(Provided records Opens)
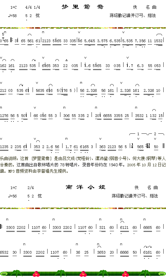 [古筝扬琴谱]梦里花 未知
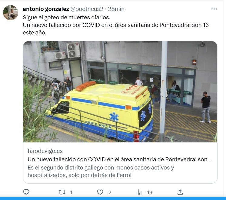 Sigue el goteo de muertes diarios. Un nuevo fallecido por COVID en el área sanitaria de Pontevedra: son 16 este año. Posted on junio 27, 2023 por coronado
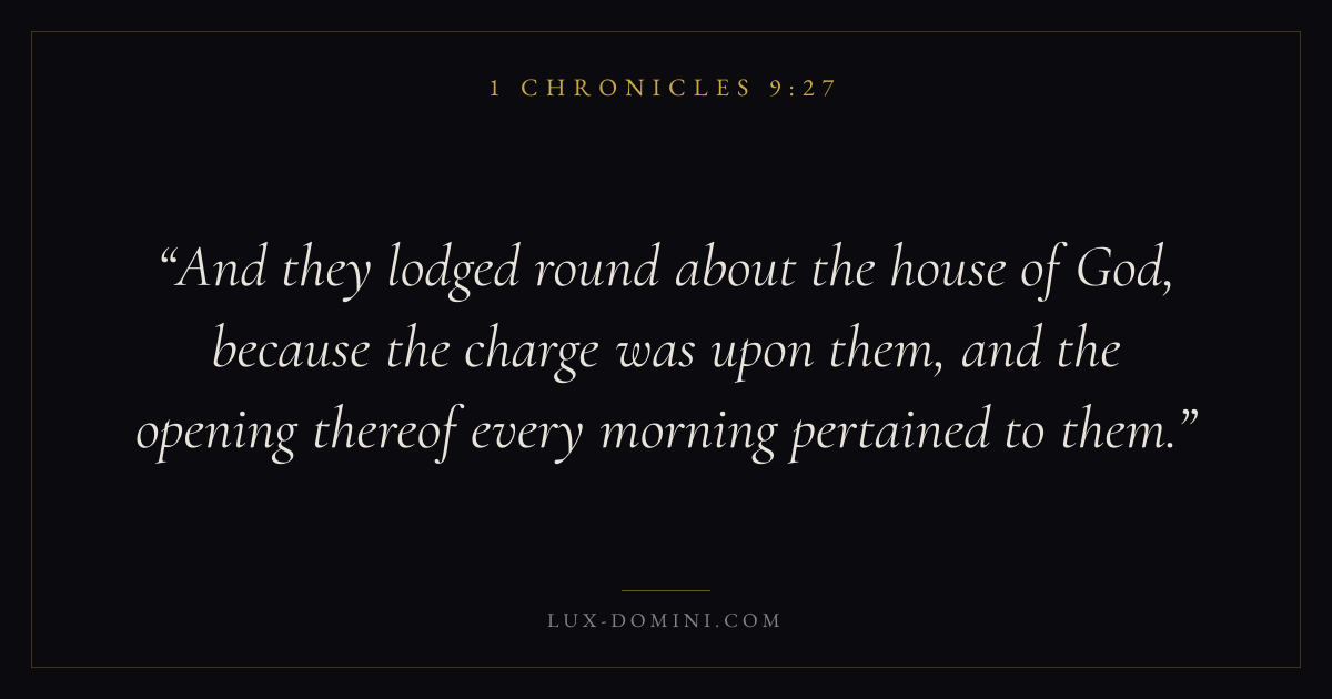 And they lodged round about the house of God, because the charge was upon them, and the opening thereof every morning pertained to them.
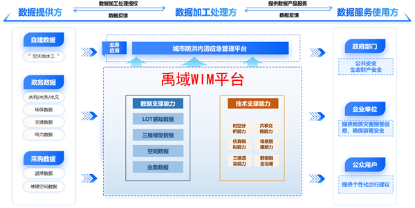 水利、氣象、環(huán)保、交通、電力等部門多源數(shù)據(jù)匯聚融合,通過禹域WIM平臺,為城市防洪除澇應急管理平臺提供數(shù)據(jù)支撐和技術(shù)支撐,實現(xiàn)平臺功能,服務于平臺用戶。
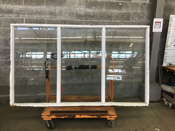 Fixed window with three panes, frame has some wear and splitting in a few places, but could still make a good addition to a greenhouse or shed.
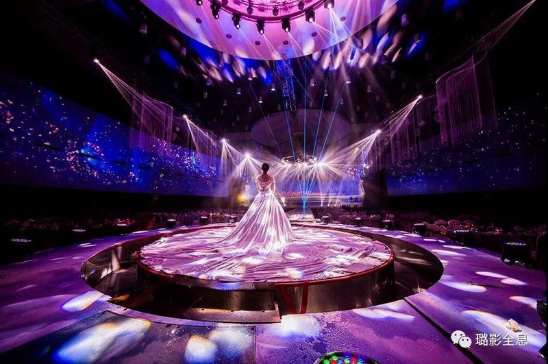 璐影全息打造的完美6D全息婚禮將270度裸眼3D、T臺互動、舞美道具、婚紗投影、燈光、音響、聲光電等科技元素完美整合,在相互配合的基礎上,通過觸控選擇模式,呈現(xiàn)出沉浸式效果視覺盛宴,原始森林、海底世界、浪漫花海、星空閃爍等實現(xiàn)各個場景的瞬間切換,置身其中感受沉浸式的全感官體驗。
(Provided records Closes)
Print the data exactly as written, dropping any images it holds.

- Solution to the exercise:
 [古筝扬琴谱]梦里花 未知
 Sigue el goteo de muertes diarios. Un nuevo fallecido por COVID en el área sanitaria de Pontevedra: son 16 este año. Posted on junio 27, 2023 por coronado
 And they lodged round about the house of God, because the charge was upon them, and the opening thereof every morning pertained to them.
 水利、氣象、環(huán)保、交通、電力等部門多源數(shù)據(jù)匯聚融合,通過禹域WIM平臺,為城市防洪除澇應急管理平臺提供數(shù)據(jù)支撐和技術(shù)支撐,實現(xiàn)平臺功能,服務于平臺用戶。
 Fixed window with three panes, frame has some wear and splitting in a few places, but could still make a good addition to a greenhouse or shed.
 璐影全息打造的完美6D全息婚禮將270度裸眼3D、T臺互動、舞美道具、婚紗投影、燈光、音響、聲光電等科技元素完美整合,在相互配合的基礎上,通過觸控選擇模式,呈現(xiàn)出沉浸式效果視覺盛宴,原始森林、海底世界、浪漫花海、星空閃爍等實現(xiàn)各個場景的瞬間切換,置身其中感受沉浸式的全感官體驗。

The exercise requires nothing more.